The material below should be copied line for line, please, with pictures omitted.

┄┄┄┄┄┄┄┄┄┄┄┄┄┄┄┄┄┄┄┄

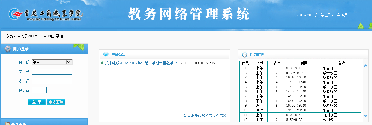 1.打开教务网络管理系统,网址:http://jwxt.cqtbi.edu.cn/,以学号和密码登陆该系统。(初始密码为学号,学生第一次登陆该系统后需要重设密码;如忘记密码且不能通过系统自主找回,请联系各学院教务科重置密码。)
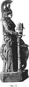 Более того, историки далее сообщают: "Предание образу Богоматери придает наименование "Атенайи" (Афины - Авт.); позднее это же название придается образу "Панагии Атениотиссе", который в средние века был высоко чтим в Парфенонском храме". (См. рис. 7.4.) Итак, кроме тождества "античная" Афина = христианская Богоматерь, мы обнаруживаем, что, скорее всего, знаменитый "античный" Парфенон был построен в средние века как христианский храм, посвященный христианской Богоматери = Афине. Как мы начинаем теперь понимать, Афина- это было просто одно из имен Марии Богородицы. Классическое "античное" изображение Афины Партенос, то есть Афины Парфенонской см. на рис. 7.5.
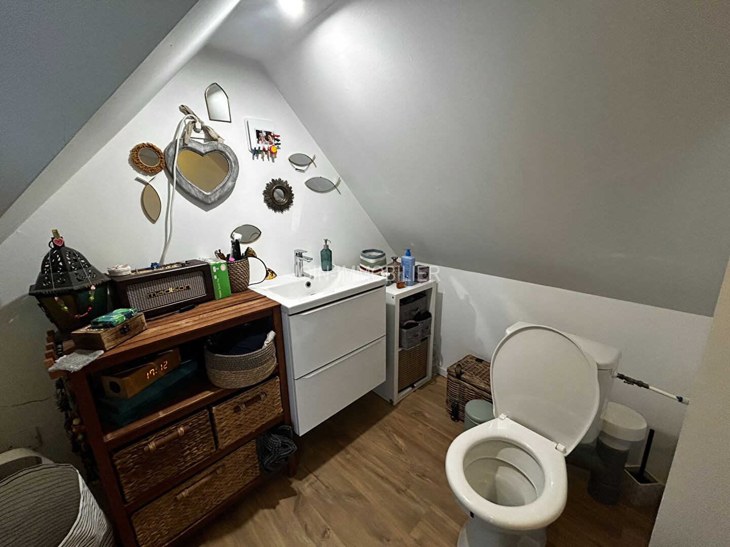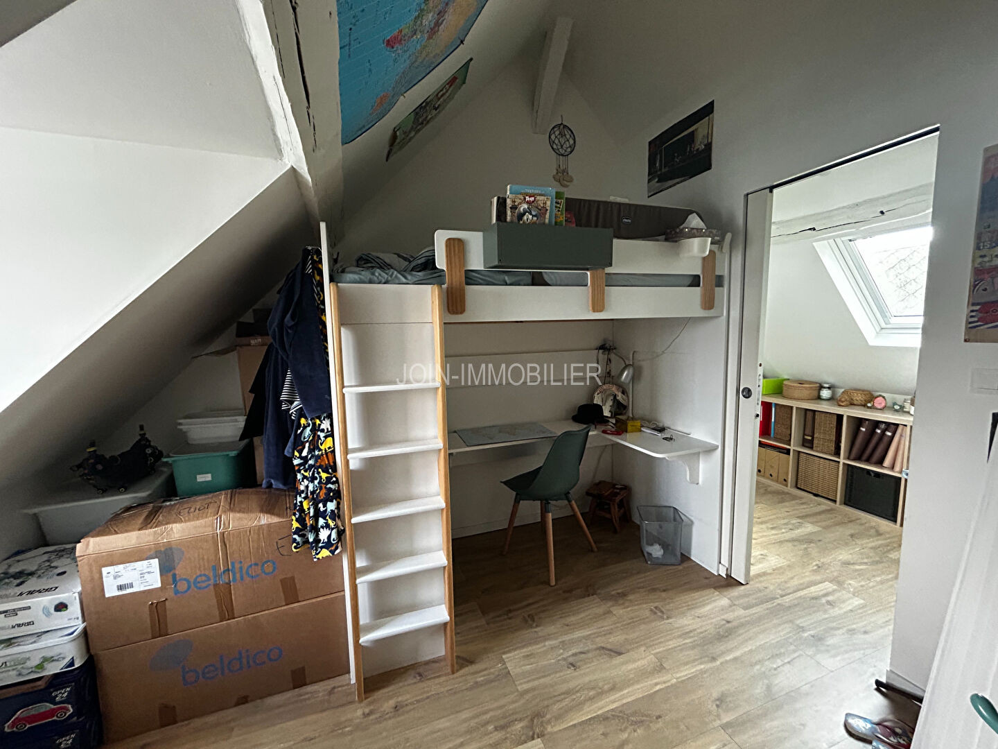 Au dessus : Grand palier à usage de bureau ou de chambre d'appoint, deux chambres, salle de bains avec WC.
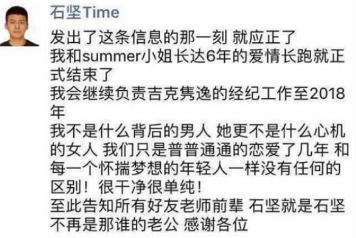和吉克隽逸相恋6年的前男友名字叫做石坚,也是她的经纪人。
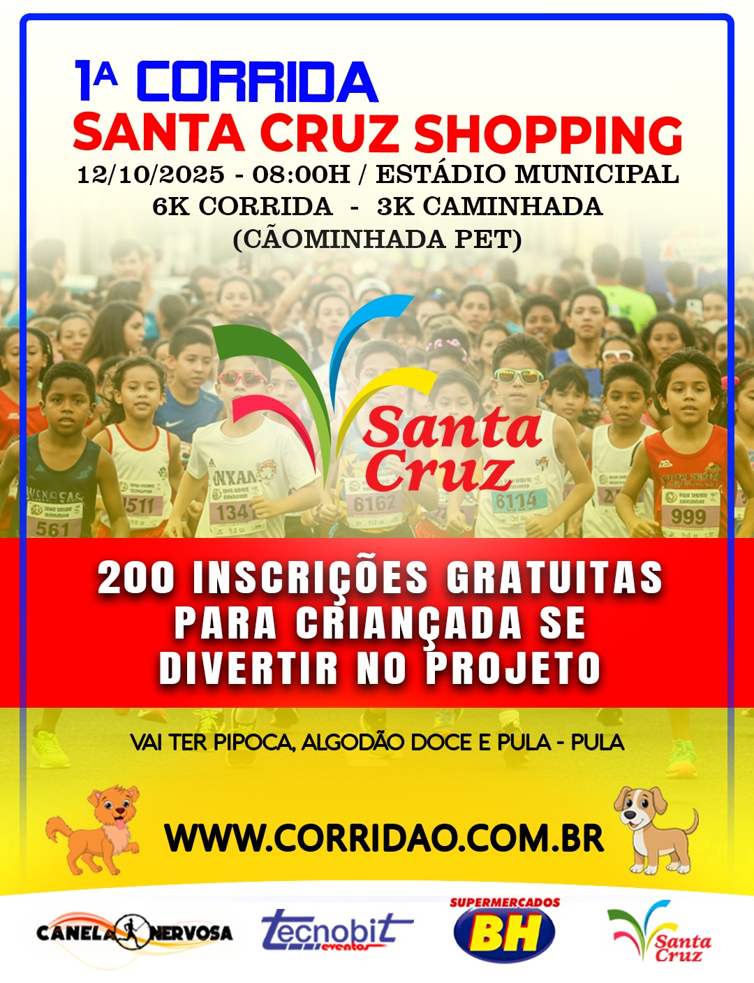 Inscrições estão sendo realizadas no site www.corridao.com.br ou Montenegro zap 98892-4887 ou Shopping Santa Cruz loja 1325 TECNOBIT INFORMÁTICA ou Loja Terrabike Centro.
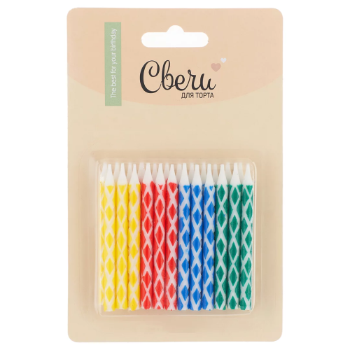 Свечи Ромбики, Ассорти, 0,5*6 см, 24 шт., 102401
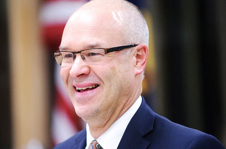 Mark Flatau interviews for the Kalispell Public Schools Superintendent position Monday night at Kalispell Middle School. Jan. 13, 2014 in Kalispell, Montana. (Patrick Cote/Daily Inter Lake)
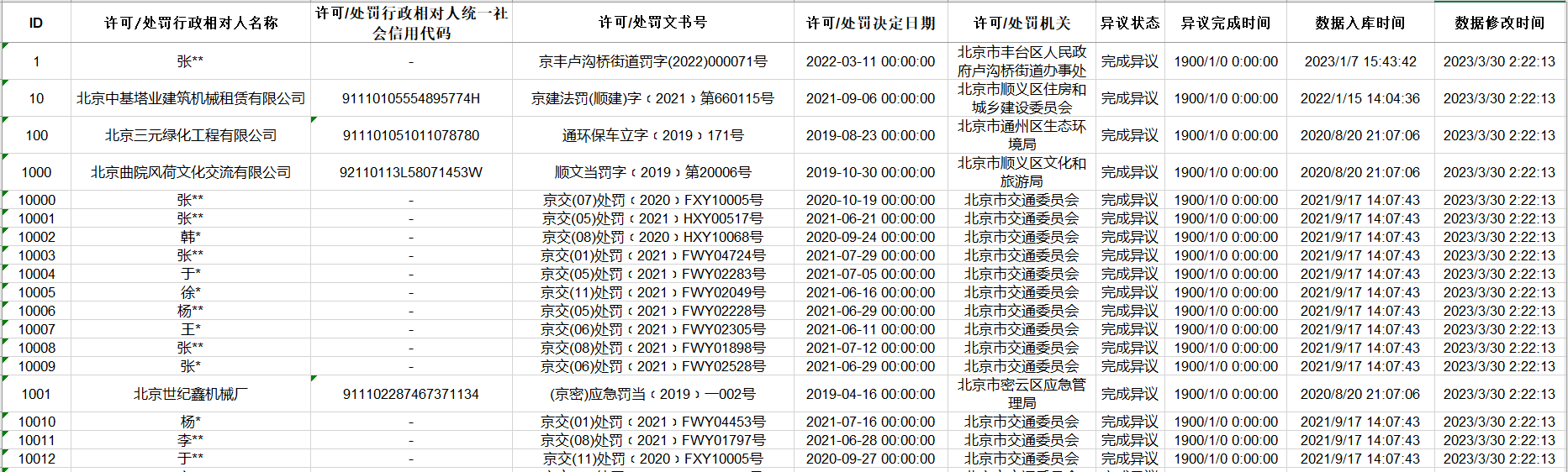 该数据是企业信用信息公示信息,包括ID、许可/处罚行政相对人名称、许可/处罚行政相对人统一社会信用代码、许可/处罚文书号、许可/处罚决定日期、许可/处罚机关、异议状态、异议完成时间、数据入库时间、数据修改时间等属性字段。

┄┄┄┄┄┄┄┄┄┄┄┄┄┄┄┄┄┄┄┄

## RESPONSE AREA
 1.打开教务网络管理系统,网址:http://jwxt.cqtbi.edu.cn/,以学号和密码登陆该系统。(初始密码为学号,学生第一次登陆该系统后需要重设密码;如忘记密码且不能通过系统自主找回,请联系各学院教务科重置密码。)
 Более того, историки далее сообщают: "Предание образу Богоматери придает наименование "Атенайи" (Афины - Авт.); позднее это же название придается образу "Панагии Атениотиссе", который в средние века был высоко чтим в Парфенонском храме". (См. рис. 7.4.) Итак, кроме тождества "античная" Афина = христианская Богоматерь, мы обнаруживаем, что, скорее всего, знаменитый "античный" Парфенон был построен в средние века как христианский храм, посвященный христианской Богоматери = Афине. Как мы начинаем теперь понимать, Афина- это было просто одно из имен Марии Богородицы. Классическое "античное" изображение Афины Партенос, то есть Афины Парфенонской см. на рис. 7.5.
 Au dessus : Grand palier à usage de bureau ou de chambre d'appoint, deux chambres, salle de bains avec WC.
和吉克隽逸相恋6年的前男友名字叫做石坚,也是她的经纪人。
 Inscrições estão sendo realizadas no site www.corridao.com.br ou Montenegro zap 98892-4887 ou Shopping Santa Cruz loja 1325 TECNOBIT INFORMÁTICA ou Loja Terrabike Centro.
 Свечи Ромбики, Ассорти, 0,5*6 см, 24 шт., 102401
 Mark Flatau interviews for the Kalispell Public Schools Superintendent position Monday night at Kalispell Middle School. Jan. 13, 2014 in Kalispell, Montana. (Patrick Cote/Daily Inter Lake)
 该数据是企业信用信息公示信息,包括ID、许可/处罚行政相对人名称、许可/处罚行政相对人统一社会信用代码、许可/处罚文书号、许可/处罚决定日期、许可/处罚机关、异议状态、异议完成时间、数据入库时间、数据修改时间等属性字段。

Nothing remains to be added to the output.